A national dip in business optimism may be leading to an air of economic uncertainty with an unintentional financial effect on local businesses. Whether by chance or by need to branch out, some Florida businesses are expanding beyond the realm of conventional services and this shift towards creativity and outside of the box thinking may help revitalize local economies.

Initial concerns began in southwest Florida as local business executives aired their concerns over the strength of the local economy.

While experts disagree that the local business climate is experiencing a downturn, there are legitimate fears to be had regarding nationwide markets that could have subtle effects on local businesses that are difficult to trace back to their source.

Yet the sheer number of executives polling towards the negative has taken a drop from 76 percent down to 47 percent of responses being positive as compared to this time last year.

It is important to note that a negative outlook on positive results can lead to decisions that become self-fulfilling prophecies and ignoring the psychological effect of negative predictions is a dangerous move.

Further fanning the flames are recent concerns over the state’s proposed deregulation of state power companies in a move that seeks to offer more consumer choice over their providers of electricity. These companies have since asserted deregulation will lead to instability and chaos in the event of a natural disaster.

Various business owners have either responded well or simply have good incidental timing in the cases of those who are seeking to expand their client base to make up for these looming issues.

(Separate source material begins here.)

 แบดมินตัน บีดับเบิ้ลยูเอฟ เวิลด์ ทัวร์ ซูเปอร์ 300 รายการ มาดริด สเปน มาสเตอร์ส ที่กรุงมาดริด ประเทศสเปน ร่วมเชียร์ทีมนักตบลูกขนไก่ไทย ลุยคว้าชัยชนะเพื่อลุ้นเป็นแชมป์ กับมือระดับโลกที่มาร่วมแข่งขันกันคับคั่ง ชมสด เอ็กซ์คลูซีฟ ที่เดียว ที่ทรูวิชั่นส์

In the unusual case of those seeking to preserve the gopher tortoise and its shrinking habitat, construction of a single cottage for a tortoise can cost upwards of $1,000 and a niche market for habitat construction has blossomed accordingly.

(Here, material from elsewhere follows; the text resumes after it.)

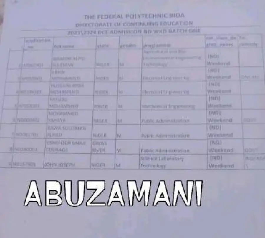 This is to inform the general public especially prospective students of the Federal Polytechnic, Bida that the school management has released the 1st Batch of ND weekend admission list of successful candidates for the 2023/2024 academic session.

With wildlife preservation laws requiring the majority of these tortoises to be relocated within 100 miles of their original habitat, finding a builder within a local community can be no small feat.

These expansions have led to business owners requiring a nuanced understanding of tax codes to avoid running afoul of Florida tax law. Construction businesses and their deductions are fairly clear-cut, but in the case of homeowners seeking tax relief after building animal shelters on their property, the law may not seem so clearly defined after all.

Enduring market shifts is simply the nature of businesses in general, as often restated by small businesses advisors. Paying close attention to local markets and changing the goals or services you offer in order to meet customer needs makes for good public relations and strong returns as long as those investments make for consistent returns.

The point where many businesses fail rests in an inability to seek opportunities as a failure of allowing them to slip by undetected. After all, not many construction businesses would consider building tortoise habitats on a whim.

While the labor market remains constrictive following recent recessions and unrest, diversity may be one of the few options Florida residents can turn to in order to make ends meet.

Without a major change in the national attitude towards the economy and businesses as a whole, it is difficult to forecast a positive change for local job opportunities. Leaving this rut may take several years or major political upheaval.

Until then, Florida and its businesses are likely to continue along a path of restricted growth for as long as they stay within service boundaries to which they have become accustomed. Those who are treading off the beaten path are seeing interesting returns and more positive attention least of all from the local tortoise population.